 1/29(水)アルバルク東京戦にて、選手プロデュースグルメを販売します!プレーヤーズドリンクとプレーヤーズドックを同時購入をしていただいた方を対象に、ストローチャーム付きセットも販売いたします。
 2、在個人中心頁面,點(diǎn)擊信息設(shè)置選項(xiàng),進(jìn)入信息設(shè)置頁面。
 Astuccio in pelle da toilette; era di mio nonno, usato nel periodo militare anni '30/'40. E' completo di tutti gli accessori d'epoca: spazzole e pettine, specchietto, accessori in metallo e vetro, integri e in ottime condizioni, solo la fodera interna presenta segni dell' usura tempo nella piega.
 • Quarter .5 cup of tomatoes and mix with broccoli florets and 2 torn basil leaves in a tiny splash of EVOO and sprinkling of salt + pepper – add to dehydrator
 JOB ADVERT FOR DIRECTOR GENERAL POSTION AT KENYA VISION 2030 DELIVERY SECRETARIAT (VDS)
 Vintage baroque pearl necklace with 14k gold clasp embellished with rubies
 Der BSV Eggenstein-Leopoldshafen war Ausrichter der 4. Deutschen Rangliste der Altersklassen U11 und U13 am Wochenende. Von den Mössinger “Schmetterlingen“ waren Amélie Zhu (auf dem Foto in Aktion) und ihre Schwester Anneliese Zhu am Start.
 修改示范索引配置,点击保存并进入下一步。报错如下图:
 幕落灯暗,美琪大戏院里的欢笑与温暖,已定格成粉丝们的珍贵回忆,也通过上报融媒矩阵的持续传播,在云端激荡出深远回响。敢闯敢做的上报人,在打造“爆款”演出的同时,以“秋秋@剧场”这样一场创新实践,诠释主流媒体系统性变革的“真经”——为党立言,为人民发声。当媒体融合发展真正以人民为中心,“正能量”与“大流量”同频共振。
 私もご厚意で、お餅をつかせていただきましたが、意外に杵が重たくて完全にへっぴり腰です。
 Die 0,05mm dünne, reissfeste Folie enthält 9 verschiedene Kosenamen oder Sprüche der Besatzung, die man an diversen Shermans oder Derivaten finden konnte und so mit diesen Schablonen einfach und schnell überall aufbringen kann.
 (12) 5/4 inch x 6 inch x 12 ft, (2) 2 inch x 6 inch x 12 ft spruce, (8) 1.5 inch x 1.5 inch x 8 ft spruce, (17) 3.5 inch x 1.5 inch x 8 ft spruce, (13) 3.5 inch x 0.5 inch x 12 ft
_ _ _
_Task prompt_. For the word "with", show every line of the entries that holds it.

_Solution below_.
 • Quarter .5 cup of tomatoes and mix with broccoli florets and 2 torn basil leaves in a tiny splash of EVOO and sprinkling of salt + pepper – add to dehydrator
 Vintage baroque pearl necklace with 14k gold clasp embellished with rubies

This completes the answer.